= Kiyotaka Mitsugi =

Japanese actor (born 1953)

Kiyotaka Mitsugi (三ツ木 清隆, Mitsugi Kiyotaka) is a Japanese actor and singer. His career has centered on television, in the genres of tokusatsu and jidaigeki.

== Biography ==
Mitsugi was born on May 30, 1953, in Ichikawa, Chiba Prefecture. He graduated from Wakō Gakuen High School.

He debuted in 1967 after being selected to portray the protagonist Azuma Hikaru in the television series Kōsoku Esper through 1967 to 1968. He starred in the 1973 series Shirojishi Kamen, and played a supporting role as the ninja Saizō in Series III, Episodes 1–57, of Abarenbō Shōgun. He played a supporting role as ZAT team member Nishida in the Ultraman Taro series.

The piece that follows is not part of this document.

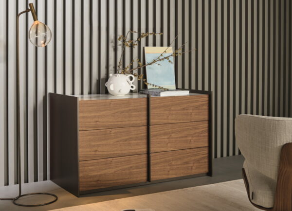 The Bonaldo Aureo chest of drawers by Matteo Nunzia for Bonaldo combines contemporary design with traditional charm in a harmonious and rational way.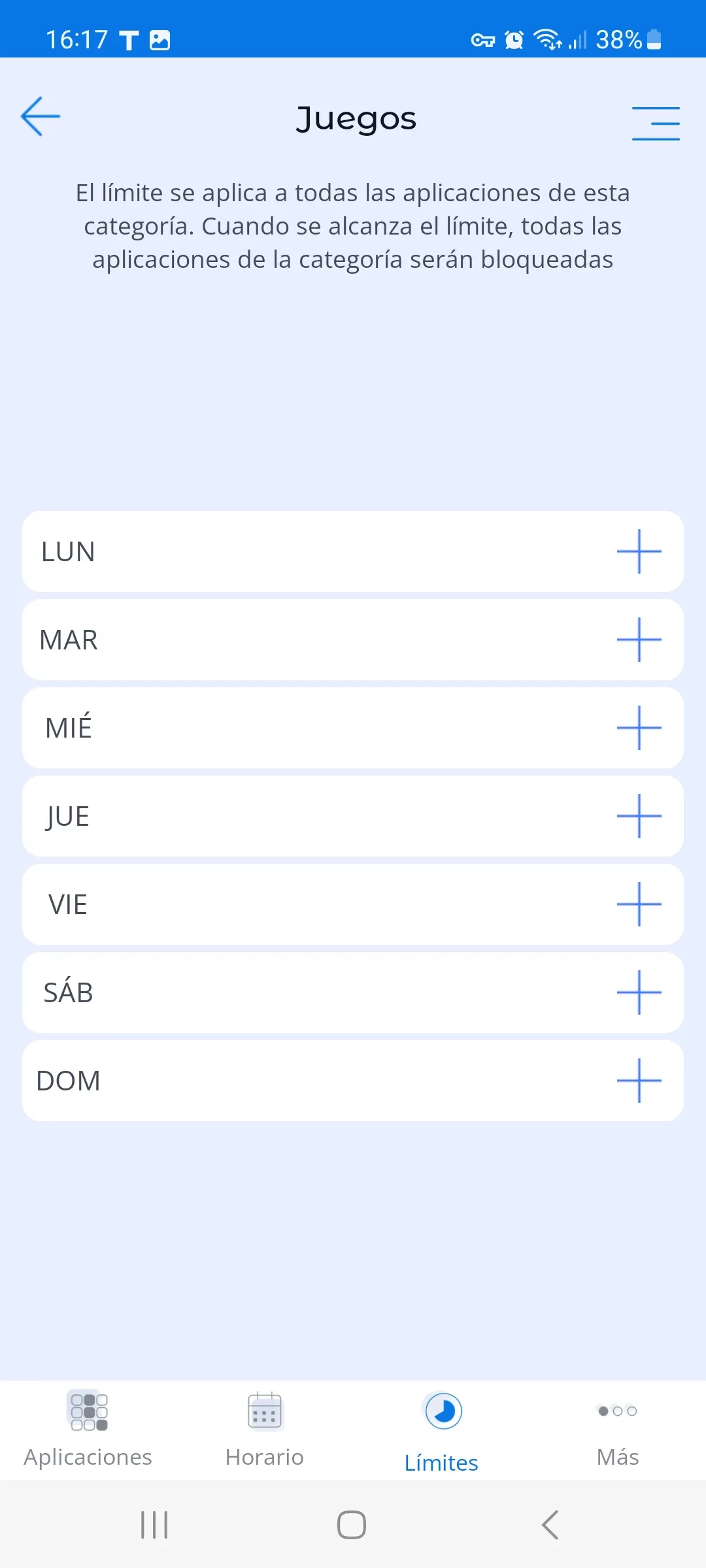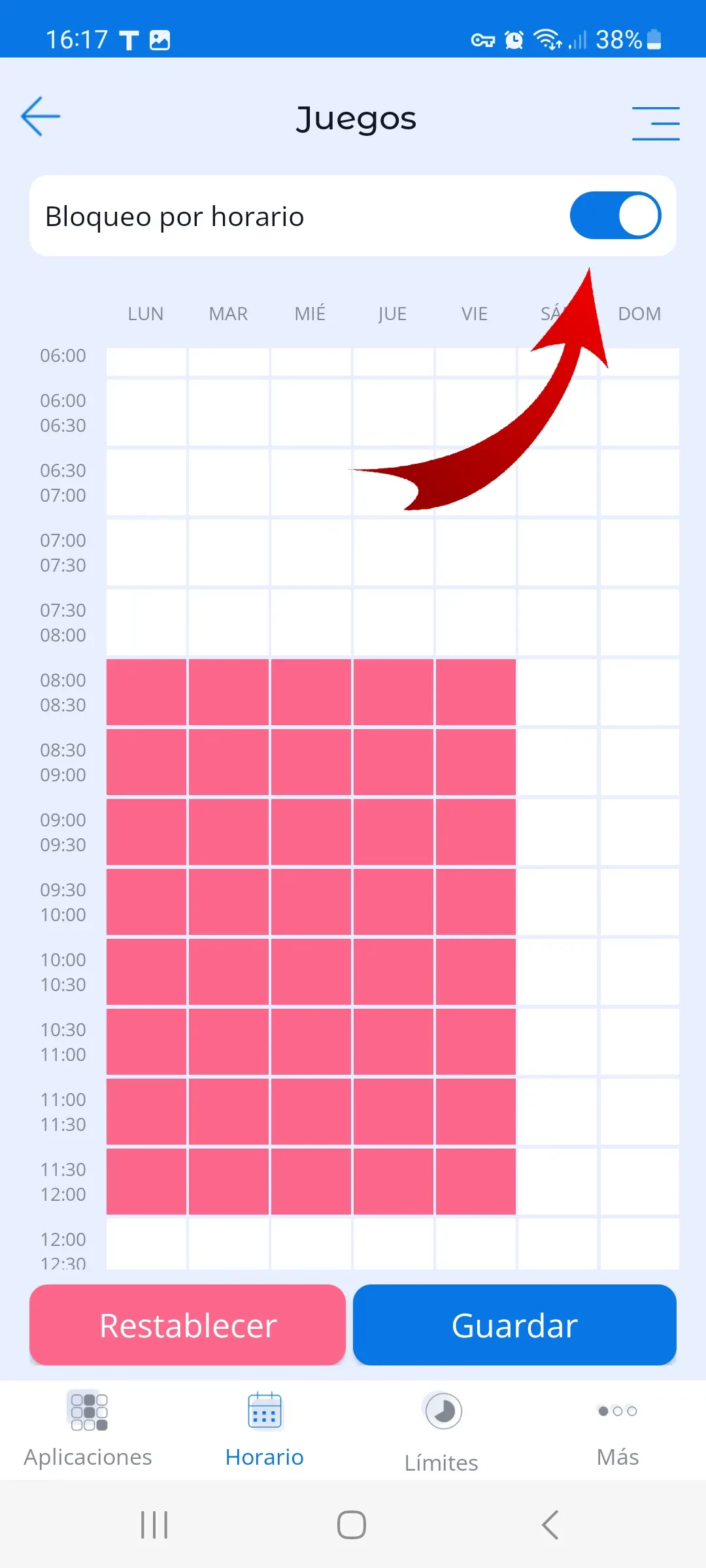 - Establecer un horario diario o semanal para bloquear grupos de aplicaciones, por ejemplo, durante el horario escolar

In NHK's eleventh Taiga drama, Kunitori Monogatari, Mitsugi portrayed Akechi Mitsuharu. He appeared regularly in Episodes 436–509 of Tokusō Saizensen.

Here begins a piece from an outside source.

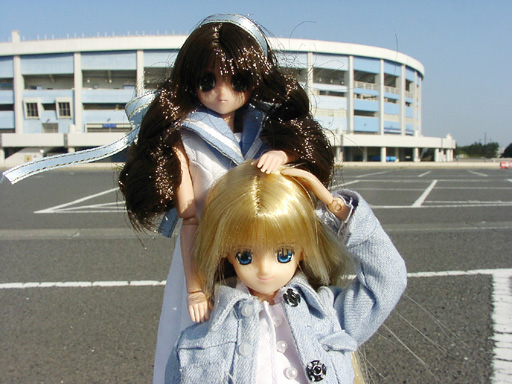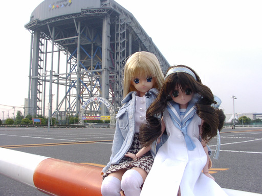 千葉マリンスタジアム名物、海風。主にスコアボード方向から吹く風はホームランの数を減らしてしまうという、それじゃなくても貧弱なロッテ打線の敵です。ここ球場前駐車場では愛しの娘たちの撮影の邪魔をしてくれました。特に風に弱いサアラさんの髪の毛を、楓ちゃんに手伝ってもらって無理矢理、押さえ込ンでの撮影です。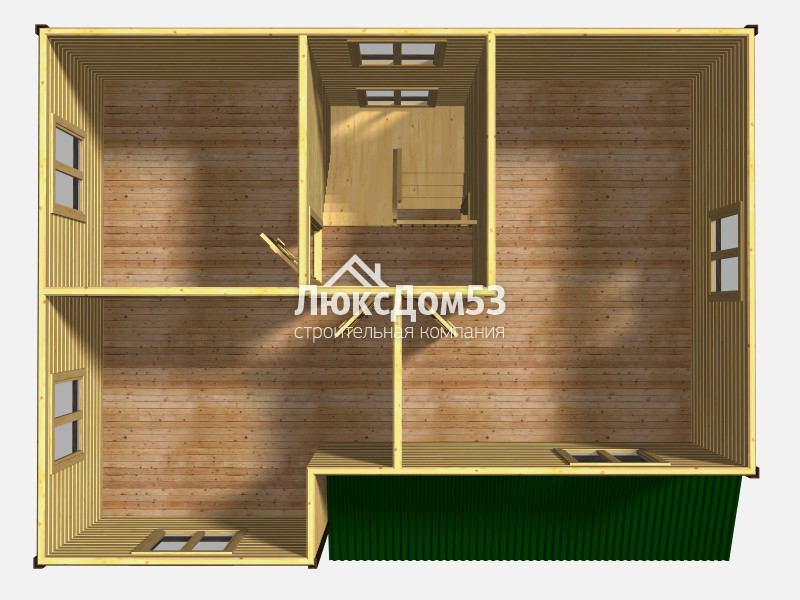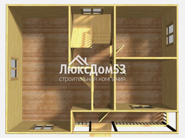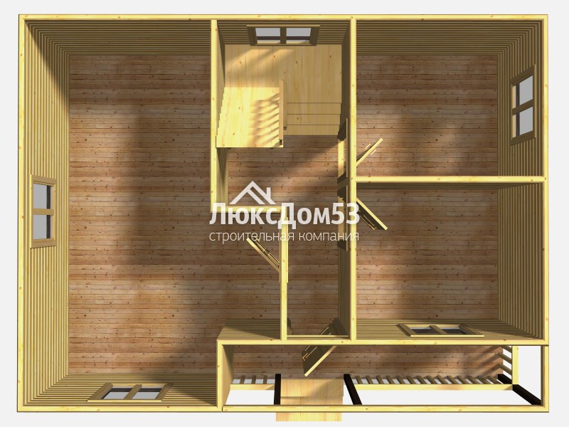 Второго этажа брусовые, из строганного профилированного бруса 90х140мм. Толщина перегородок 90мм (если предусмотрены проектом).

A frequent guest actor, he made six appearances on Ōedo Sōsamō and four on Zenigata Heiji, three on Taiyō ni Hoero!', and two on Happyaku Yachō Yume Nikki. Fans of the tokusatsu Chikyuu Sentai Fiveman know him as Dr. Hoshikawa. The producers of Abarenbō Shōgun selected him to reprise his role in the 500th episode special, and again to portray the daimyō Tokugawa Munenao in Series VI.

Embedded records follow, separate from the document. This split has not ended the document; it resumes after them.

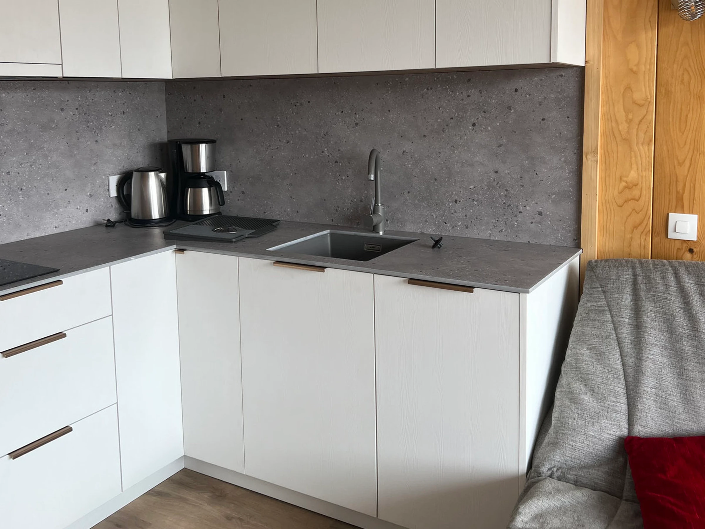 - Kitchenette with: Refrigerator, Dishwasher, 1 Oven/micro-waves, 2 Ceramic glass cooktop.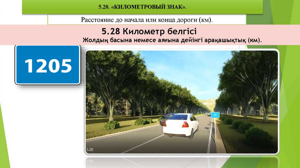 5.28. «КИЛОМЕТРОВЫЙ ЗНАК».Расстояние до начала или конца дороги (км).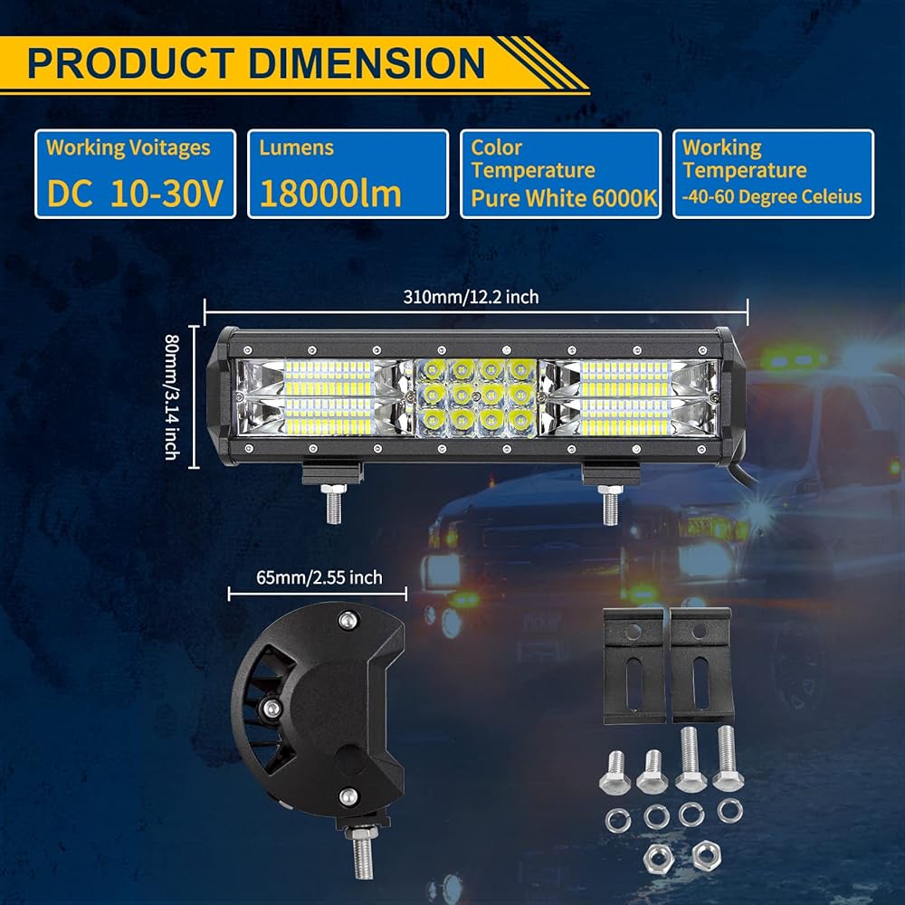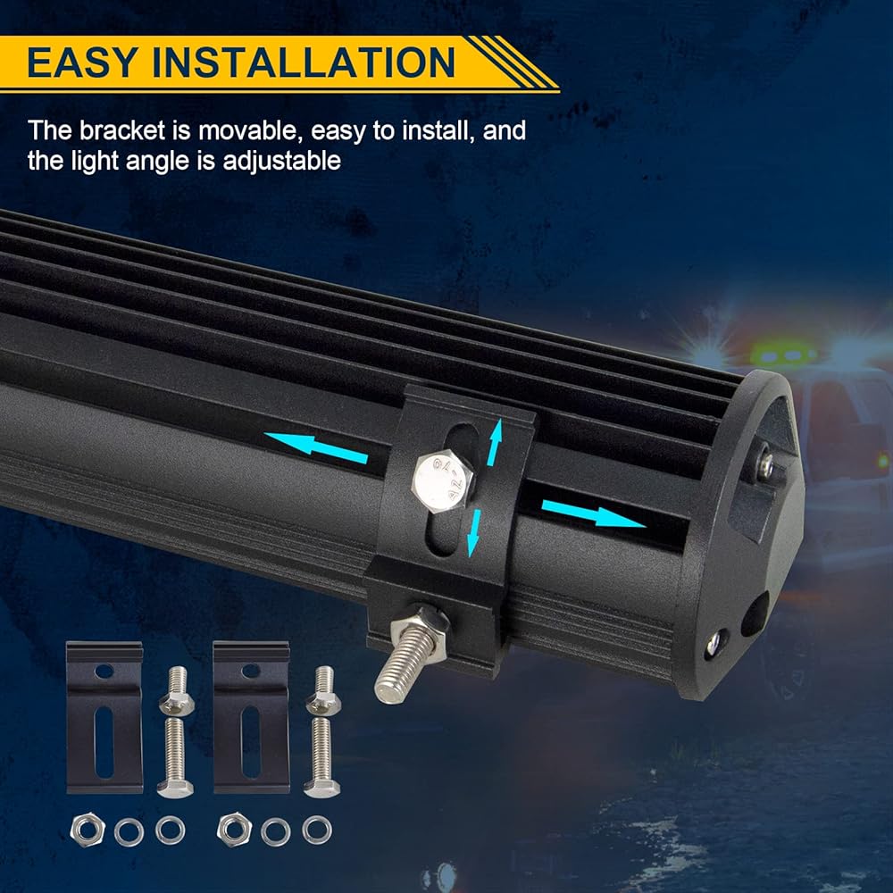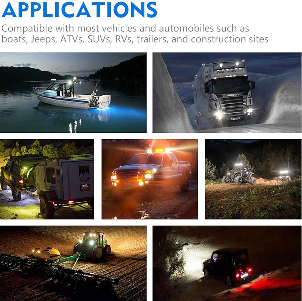DC 10V-30V operating voltage range: It can apply to different types of trucks, Off-road vehicles, 4x4 , SUV, Mining, Boating, Farming and Heavy Equipment etc. Also adjustable mounting brackets for multi-position installation, such as car roof, front cover, bumper, Grille, etc.

Outside drama series, his career includes other media and genres. In film, Mitsugi has three credits. He was a guest voice in an episode of the animated 1979 television show Takarajima. He has acted in stage productions in the 1970s, 1980s, and 1990s.

A vocalist, Mitsugi has released nine single recordings and one album.